### [Work to complete]
In the listing below, count every line that contains "features". Give nothing but the number.

[Opening Extracted information section]

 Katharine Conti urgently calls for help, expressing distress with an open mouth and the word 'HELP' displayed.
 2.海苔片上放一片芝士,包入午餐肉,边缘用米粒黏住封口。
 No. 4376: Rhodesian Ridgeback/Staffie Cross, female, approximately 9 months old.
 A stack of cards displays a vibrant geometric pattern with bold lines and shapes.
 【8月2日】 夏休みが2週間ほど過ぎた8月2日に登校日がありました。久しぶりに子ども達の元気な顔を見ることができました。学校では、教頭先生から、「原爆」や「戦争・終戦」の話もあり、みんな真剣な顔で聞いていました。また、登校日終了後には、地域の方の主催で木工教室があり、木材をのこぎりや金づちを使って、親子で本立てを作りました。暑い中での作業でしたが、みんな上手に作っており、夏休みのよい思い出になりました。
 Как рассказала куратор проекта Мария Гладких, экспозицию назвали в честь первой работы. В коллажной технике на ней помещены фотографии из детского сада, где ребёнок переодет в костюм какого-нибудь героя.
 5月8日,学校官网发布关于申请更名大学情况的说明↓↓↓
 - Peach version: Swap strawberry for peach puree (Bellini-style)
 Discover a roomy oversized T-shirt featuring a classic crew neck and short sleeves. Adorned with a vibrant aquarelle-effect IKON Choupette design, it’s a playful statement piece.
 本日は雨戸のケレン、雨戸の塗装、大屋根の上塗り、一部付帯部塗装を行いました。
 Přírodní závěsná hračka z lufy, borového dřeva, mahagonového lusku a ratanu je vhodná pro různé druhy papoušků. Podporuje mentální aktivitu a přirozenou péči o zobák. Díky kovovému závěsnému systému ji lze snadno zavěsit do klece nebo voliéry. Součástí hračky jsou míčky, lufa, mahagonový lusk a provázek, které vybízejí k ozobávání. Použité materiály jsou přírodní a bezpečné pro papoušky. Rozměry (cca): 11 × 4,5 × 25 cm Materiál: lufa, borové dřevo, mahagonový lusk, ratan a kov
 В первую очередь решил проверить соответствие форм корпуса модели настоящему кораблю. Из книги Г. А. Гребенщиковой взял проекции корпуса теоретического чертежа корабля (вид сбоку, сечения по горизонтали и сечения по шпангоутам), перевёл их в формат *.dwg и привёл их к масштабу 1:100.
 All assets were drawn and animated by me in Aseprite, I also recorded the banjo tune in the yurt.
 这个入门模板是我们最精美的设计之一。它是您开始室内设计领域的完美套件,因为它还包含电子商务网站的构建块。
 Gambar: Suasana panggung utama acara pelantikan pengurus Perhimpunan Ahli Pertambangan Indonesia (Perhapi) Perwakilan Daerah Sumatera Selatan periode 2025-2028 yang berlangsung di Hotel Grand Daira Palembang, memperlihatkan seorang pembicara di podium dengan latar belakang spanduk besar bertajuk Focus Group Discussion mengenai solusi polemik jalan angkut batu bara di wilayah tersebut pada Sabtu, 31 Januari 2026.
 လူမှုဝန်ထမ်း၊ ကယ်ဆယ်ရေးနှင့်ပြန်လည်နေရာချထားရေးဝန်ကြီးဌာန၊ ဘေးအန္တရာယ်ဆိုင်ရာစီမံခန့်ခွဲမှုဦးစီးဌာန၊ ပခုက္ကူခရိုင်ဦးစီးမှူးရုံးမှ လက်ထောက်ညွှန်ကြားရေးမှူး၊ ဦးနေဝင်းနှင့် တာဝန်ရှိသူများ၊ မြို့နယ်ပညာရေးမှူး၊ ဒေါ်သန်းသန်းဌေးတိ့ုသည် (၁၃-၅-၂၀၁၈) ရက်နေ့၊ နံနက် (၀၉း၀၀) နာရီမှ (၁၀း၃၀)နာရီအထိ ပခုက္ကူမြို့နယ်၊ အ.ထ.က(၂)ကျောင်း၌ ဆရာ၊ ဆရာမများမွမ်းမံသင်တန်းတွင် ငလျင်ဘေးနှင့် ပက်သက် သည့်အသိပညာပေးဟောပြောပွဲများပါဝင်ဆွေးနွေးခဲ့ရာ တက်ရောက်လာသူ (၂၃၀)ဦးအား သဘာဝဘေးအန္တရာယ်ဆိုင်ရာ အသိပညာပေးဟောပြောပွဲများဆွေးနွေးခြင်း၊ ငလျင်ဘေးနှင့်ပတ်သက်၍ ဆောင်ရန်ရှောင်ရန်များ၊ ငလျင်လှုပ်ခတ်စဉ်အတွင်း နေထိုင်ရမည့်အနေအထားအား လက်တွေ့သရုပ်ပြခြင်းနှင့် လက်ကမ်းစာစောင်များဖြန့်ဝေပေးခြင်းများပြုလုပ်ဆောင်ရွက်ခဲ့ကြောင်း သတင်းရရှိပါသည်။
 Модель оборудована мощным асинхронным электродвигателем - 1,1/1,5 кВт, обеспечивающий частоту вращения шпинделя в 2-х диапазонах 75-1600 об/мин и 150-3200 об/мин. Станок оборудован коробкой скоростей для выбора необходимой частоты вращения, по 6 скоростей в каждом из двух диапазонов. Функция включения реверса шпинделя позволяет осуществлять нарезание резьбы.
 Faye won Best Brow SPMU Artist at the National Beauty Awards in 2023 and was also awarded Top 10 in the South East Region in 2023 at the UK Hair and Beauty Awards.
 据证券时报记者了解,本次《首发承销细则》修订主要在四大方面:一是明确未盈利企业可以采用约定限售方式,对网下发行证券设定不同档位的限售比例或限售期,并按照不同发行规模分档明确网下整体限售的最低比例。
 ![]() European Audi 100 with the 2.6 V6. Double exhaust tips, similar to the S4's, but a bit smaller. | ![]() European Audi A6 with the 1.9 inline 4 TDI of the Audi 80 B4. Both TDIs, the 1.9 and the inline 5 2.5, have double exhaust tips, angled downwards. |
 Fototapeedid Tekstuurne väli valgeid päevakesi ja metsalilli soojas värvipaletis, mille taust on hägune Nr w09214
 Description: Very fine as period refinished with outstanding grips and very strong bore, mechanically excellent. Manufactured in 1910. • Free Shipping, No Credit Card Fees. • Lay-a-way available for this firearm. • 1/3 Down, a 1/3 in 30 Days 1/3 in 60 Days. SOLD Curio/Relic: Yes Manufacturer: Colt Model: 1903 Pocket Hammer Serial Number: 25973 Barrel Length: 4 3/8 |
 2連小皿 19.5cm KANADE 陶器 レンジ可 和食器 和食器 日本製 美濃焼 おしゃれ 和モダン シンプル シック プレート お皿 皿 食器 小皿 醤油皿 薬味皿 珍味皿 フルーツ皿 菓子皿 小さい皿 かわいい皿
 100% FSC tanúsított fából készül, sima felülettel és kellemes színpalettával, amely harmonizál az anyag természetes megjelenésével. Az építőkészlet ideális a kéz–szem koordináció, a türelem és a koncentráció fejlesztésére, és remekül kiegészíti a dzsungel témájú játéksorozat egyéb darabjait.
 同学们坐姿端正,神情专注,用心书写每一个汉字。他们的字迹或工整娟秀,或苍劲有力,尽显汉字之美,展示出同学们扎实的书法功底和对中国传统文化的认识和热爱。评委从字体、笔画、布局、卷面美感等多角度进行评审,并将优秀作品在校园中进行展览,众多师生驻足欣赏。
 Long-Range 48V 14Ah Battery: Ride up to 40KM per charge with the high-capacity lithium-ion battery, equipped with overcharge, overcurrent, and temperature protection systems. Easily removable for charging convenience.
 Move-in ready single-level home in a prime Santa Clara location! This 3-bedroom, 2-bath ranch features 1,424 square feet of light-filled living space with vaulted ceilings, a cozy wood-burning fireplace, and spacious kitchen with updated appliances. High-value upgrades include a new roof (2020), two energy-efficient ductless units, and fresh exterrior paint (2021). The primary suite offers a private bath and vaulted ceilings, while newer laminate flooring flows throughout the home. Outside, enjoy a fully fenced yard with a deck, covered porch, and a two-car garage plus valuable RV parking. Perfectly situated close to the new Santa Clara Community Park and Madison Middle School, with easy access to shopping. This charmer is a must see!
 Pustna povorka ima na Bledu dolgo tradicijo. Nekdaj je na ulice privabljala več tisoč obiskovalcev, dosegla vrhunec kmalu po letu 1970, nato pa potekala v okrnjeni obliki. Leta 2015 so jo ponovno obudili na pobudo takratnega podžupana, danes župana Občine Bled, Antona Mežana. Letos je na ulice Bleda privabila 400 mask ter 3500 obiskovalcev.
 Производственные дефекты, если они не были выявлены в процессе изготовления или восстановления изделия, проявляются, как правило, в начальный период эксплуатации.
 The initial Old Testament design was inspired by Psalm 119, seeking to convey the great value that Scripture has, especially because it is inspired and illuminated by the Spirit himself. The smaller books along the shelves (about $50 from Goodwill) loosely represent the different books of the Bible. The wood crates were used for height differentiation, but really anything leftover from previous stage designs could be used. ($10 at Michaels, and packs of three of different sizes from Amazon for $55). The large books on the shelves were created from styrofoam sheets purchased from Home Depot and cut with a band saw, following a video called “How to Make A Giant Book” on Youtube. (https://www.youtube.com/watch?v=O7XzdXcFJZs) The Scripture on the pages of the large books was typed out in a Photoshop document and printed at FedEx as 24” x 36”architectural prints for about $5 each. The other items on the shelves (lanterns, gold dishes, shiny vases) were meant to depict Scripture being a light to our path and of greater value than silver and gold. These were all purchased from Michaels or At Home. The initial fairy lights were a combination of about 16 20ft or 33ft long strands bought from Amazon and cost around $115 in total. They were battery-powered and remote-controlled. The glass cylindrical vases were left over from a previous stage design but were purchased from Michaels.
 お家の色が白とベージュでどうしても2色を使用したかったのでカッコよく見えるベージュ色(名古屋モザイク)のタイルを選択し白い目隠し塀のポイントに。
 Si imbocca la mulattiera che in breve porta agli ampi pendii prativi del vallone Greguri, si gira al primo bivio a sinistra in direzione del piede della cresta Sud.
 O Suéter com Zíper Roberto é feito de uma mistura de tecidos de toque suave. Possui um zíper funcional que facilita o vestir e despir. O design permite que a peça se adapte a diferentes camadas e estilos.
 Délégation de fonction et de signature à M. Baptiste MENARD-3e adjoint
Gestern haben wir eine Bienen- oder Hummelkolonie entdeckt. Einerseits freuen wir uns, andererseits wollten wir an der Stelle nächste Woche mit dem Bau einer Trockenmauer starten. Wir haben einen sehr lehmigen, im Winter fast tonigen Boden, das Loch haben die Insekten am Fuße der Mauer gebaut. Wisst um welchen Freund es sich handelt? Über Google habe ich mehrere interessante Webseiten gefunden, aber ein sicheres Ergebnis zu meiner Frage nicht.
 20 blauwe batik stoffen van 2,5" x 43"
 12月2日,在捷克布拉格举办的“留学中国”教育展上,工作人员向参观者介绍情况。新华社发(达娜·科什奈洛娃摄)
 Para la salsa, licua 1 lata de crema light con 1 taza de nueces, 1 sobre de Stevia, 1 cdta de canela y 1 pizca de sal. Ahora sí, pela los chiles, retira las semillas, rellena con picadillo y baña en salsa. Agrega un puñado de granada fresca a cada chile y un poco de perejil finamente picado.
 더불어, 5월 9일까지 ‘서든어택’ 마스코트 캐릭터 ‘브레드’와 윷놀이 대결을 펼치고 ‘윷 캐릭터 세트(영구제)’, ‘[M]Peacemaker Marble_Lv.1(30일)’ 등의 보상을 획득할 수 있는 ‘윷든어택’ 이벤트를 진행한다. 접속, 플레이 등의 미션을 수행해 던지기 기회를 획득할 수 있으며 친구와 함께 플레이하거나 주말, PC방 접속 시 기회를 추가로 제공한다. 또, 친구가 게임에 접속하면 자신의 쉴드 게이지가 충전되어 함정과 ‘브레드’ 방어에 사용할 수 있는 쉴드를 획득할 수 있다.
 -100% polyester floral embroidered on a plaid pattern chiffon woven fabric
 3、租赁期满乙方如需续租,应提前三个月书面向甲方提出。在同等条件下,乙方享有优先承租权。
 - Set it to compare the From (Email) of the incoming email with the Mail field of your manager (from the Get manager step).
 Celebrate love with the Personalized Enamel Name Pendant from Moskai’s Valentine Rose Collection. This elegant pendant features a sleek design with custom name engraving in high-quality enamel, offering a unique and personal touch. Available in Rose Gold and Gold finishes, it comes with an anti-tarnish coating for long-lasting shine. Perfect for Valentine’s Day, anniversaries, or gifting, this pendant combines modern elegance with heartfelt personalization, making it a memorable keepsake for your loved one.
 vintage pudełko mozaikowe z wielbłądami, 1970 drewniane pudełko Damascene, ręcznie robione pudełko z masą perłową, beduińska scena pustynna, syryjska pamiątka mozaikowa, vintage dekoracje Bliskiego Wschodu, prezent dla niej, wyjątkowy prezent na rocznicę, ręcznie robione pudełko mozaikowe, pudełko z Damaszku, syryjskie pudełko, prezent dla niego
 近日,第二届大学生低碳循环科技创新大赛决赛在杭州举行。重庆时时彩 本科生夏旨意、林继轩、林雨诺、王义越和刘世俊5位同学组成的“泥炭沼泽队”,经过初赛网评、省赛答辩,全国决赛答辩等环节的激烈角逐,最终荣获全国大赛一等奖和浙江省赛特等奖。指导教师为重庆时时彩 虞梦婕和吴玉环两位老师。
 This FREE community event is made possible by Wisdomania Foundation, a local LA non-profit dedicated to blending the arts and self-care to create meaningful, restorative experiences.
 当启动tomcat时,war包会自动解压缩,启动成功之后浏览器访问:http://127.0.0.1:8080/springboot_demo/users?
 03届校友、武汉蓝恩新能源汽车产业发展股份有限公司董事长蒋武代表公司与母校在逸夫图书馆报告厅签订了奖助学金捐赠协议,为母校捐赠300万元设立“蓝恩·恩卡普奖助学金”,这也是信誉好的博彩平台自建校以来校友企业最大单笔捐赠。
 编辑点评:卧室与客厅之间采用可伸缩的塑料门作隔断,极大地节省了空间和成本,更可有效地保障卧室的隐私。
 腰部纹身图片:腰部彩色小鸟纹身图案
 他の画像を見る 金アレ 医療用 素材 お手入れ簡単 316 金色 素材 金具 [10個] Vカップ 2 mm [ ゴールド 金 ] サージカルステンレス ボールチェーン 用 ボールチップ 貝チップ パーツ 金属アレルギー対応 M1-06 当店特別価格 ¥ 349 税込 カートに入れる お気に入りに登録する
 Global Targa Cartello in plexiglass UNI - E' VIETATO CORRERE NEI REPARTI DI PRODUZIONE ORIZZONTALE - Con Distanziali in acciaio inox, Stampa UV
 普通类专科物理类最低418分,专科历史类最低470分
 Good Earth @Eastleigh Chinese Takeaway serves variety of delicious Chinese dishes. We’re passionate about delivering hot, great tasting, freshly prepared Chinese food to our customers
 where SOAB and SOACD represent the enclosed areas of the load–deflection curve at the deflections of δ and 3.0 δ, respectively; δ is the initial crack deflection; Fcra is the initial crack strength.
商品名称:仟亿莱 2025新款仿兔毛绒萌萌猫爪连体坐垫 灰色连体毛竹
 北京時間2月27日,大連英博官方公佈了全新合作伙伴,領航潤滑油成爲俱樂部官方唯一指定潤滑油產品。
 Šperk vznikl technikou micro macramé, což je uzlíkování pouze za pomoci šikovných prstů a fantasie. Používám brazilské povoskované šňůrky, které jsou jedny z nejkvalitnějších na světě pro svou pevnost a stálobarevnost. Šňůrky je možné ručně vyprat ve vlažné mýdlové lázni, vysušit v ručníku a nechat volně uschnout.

[Closing Extracted information section]

### [The answer]
2